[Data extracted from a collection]
---------------
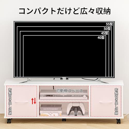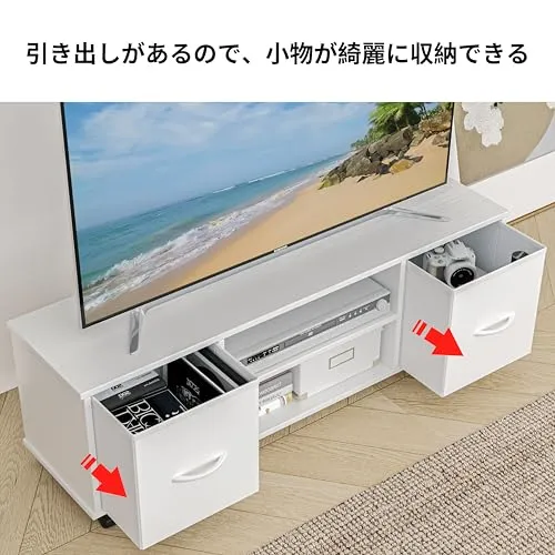 【多機能収納テレビ台】32・42・55型のテレビサイズが対応できる、天板は DVD機器、AV機器やゲーム機を置くのにちょうどよい広さを備えています。A4サイズの雑誌や書籍が収納できる棚板を付属しており、日常の文房具や小物類も整然とまとめられ、リビングの雰囲気を損ないません。本体に2口コンセントを搭載しています。散乱しがちな配線のスッキリ整理が可能で、室内の雑然感が解消できる、居住環境の清潔感を高めます。併せて布製引き出しを2個付属しており、充実した収納力を発揮し、リモコンやゲームソフトなどの小物類が隠して収納できる、室内のすっきり感を長く保つことができます。
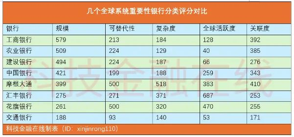 在复杂度维度上打分,摩根大通是518分,花旗银行是320分,汇丰银行是371分。而工行是184分,中行是188分,农行是129分,建行是187分,交通银行是140分。
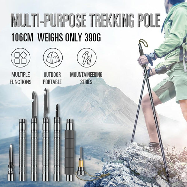 Outdoor Multi-purpose Trekking Pole Portable Aluminium Alloy Hiking Walking Stick Mountaineering Camping hiking climbing Tools
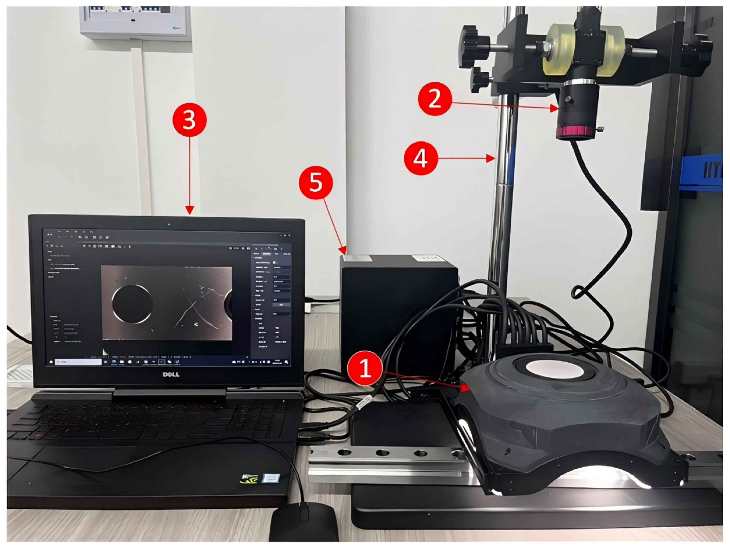 Figure 2, an adjustable dome light source is employed in this study to construct an image acquisition system for guide rail surface defect inspection. As illustrated in
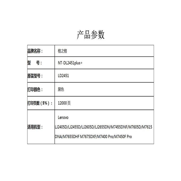 商品标题:格之格(G&G)NT-DL2451PLUS+兼容LD2451硒鼓(鼓组件)黑色单支装(适用机型:Lenovo LJ2405D/LJ2455D/LJ2605D)打印量:12000页(只)
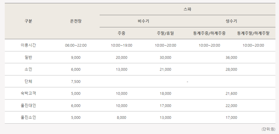 이용요금과 이용 시간은 위와 같습니다. 성수기/비수기, 주중/주말별로 금액과 이용시간이 다르기 때문에 미리 확인이 필요합니다.
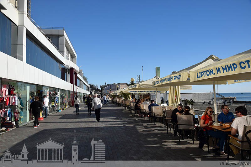 Узнав намерения главы города, мы отправились прогуляться по главному морскому променаду Сочи, зафиксировать его нынешнее состояние и посмотреть, что же именно там настроено на сегодняшний день, чтобы было потом с чем сравнивать результат усилий сочинского градоначальника.
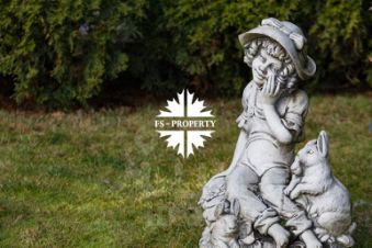 Продуманный ландшафтный дизайн превращает участок в настоящий оазис элегантности: в центре композиции раскинулся изысканный фонтан с четырьмя скульптурами, наполняя пространство журчанием воды и классической гармонией форм.
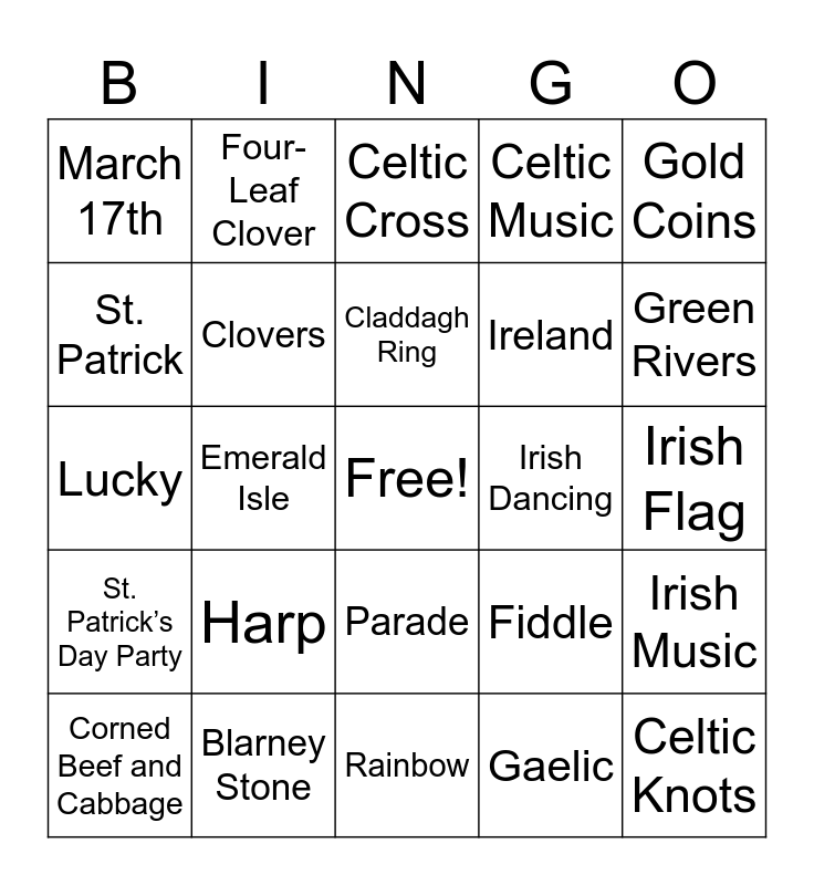 This bingo card has a free space and 34 words: Leprechaun, Shamrock, Green, Pot of Gold, Irish Flag, St. Patrick, Clovers, Rainbow, Ireland, Celtic Knots, Lucky, Four-Leaf Clover, Gaelic, Bagpipes, St. Patrick’s Day Party, Emerald Isle, Parade, Irish Dancing, Irish Music, Corned Beef and Cabbage, Blarney Stone, Dublin, Celtic Music, Green Rivers, Irish Blessing, Harp, Celtic Cross, "Kiss Me, I’m Irish", Gold Coins, March 17th, Soda Bread, Claddagh Ring, Fiddle and Irish Setter.
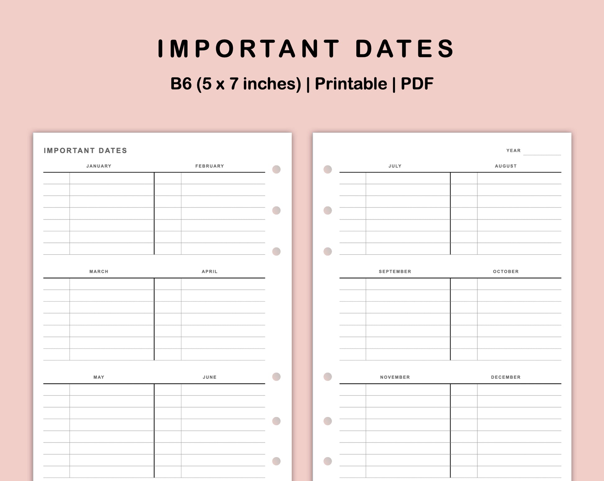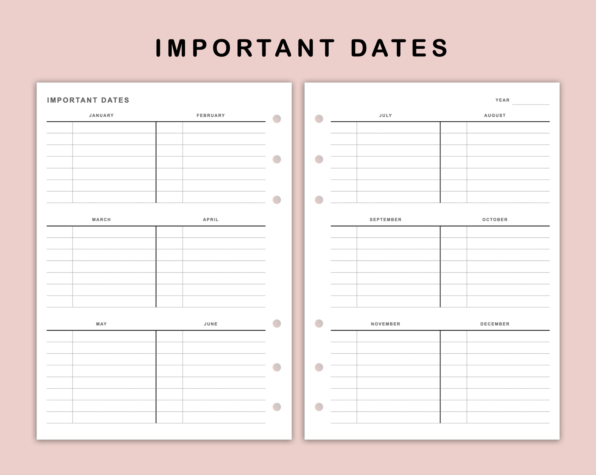 This Important Date Inserts is made to help you organise and keep track of the important dates in a year in one place.
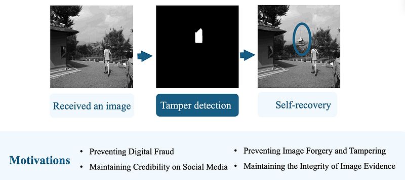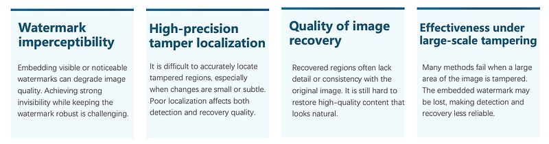 Deep Learning-Based Self-Recovery (基于深度学习的自恢复): Leverages convolutional or generative models to predict and regenerate tampered regions directly from learned representations. This approach offers stronger robustness against compression, noise, and blurring, making it more suitable for real-world applications.
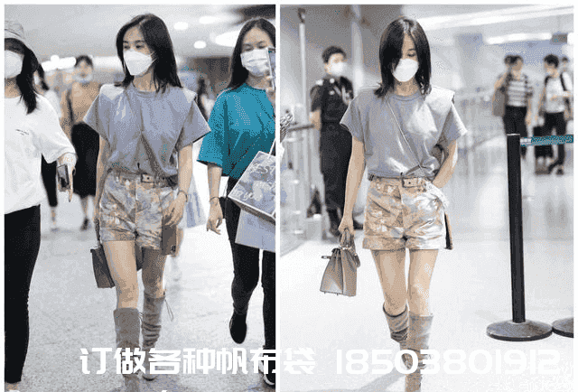 娇小可爱的王子文身穿香芋紫的T恤也是非常清新甜美,卡其色打底的迷彩短裤上带着紫色印花,与帆布袋厂家电话/微信:15838231350上衣色彩相呼应,紫色也显得格外温婉可人。灰色堆堆靴与灰色手提袋也是色彩呼应,整身色系和谐不杂乱,冷色系的造型也显得她非常温婉大气。
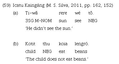 Even though the Jê standard negators are mostly postverbal, there are some exceptions. The first two take us to Kaingáng. First, the dialect of the village Icatu (São Paulo) allows a preverbal pattern, which uses what looks like an allomorph of the postverbal negator tõ.
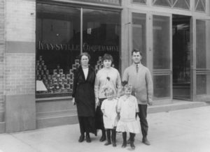 Faye’s first home in Kaysville was on the corner of 200 North and 300 West (184 North 300 West), and at the age of sixteen, she went to work as a clerk at the Kaysville Co-operative Mercantile Institution. She worked at the K.C.M.I. until she moved to the bank position.
---------------
WORK ITEM:
Nothing but the lines from the first line of the data above through the line holding "Outdoor Multi-purpose Trekking" may appear in the response, copied exactly and without pictures.

TASK RESPONSE:
 【多機能収納テレビ台】32・42・55型のテレビサイズが対応できる、天板は DVD機器、AV機器やゲーム機を置くのにちょうどよい広さを備えています。A4サイズの雑誌や書籍が収納できる棚板を付属しており、日常の文房具や小物類も整然とまとめられ、リビングの雰囲気を損ないません。本体に2口コンセントを搭載しています。散乱しがちな配線のスッキリ整理が可能で、室内の雑然感が解消できる、居住環境の清潔感を高めます。併せて布製引き出しを2個付属しており、充実した収納力を発揮し、リモコンやゲームソフトなどの小物類が隠して収納できる、室内のすっきり感を長く保つことができます。
 在复杂度维度上打分,摩根大通是518分,花旗银行是320分,汇丰银行是371分。而工行是184分,中行是188分,农行是129分,建行是187分,交通银行是140分。
 Outdoor Multi-purpose Trekking Pole Portable Aluminium Alloy Hiking Walking Stick Mountaineering Camping hiking climbing Tools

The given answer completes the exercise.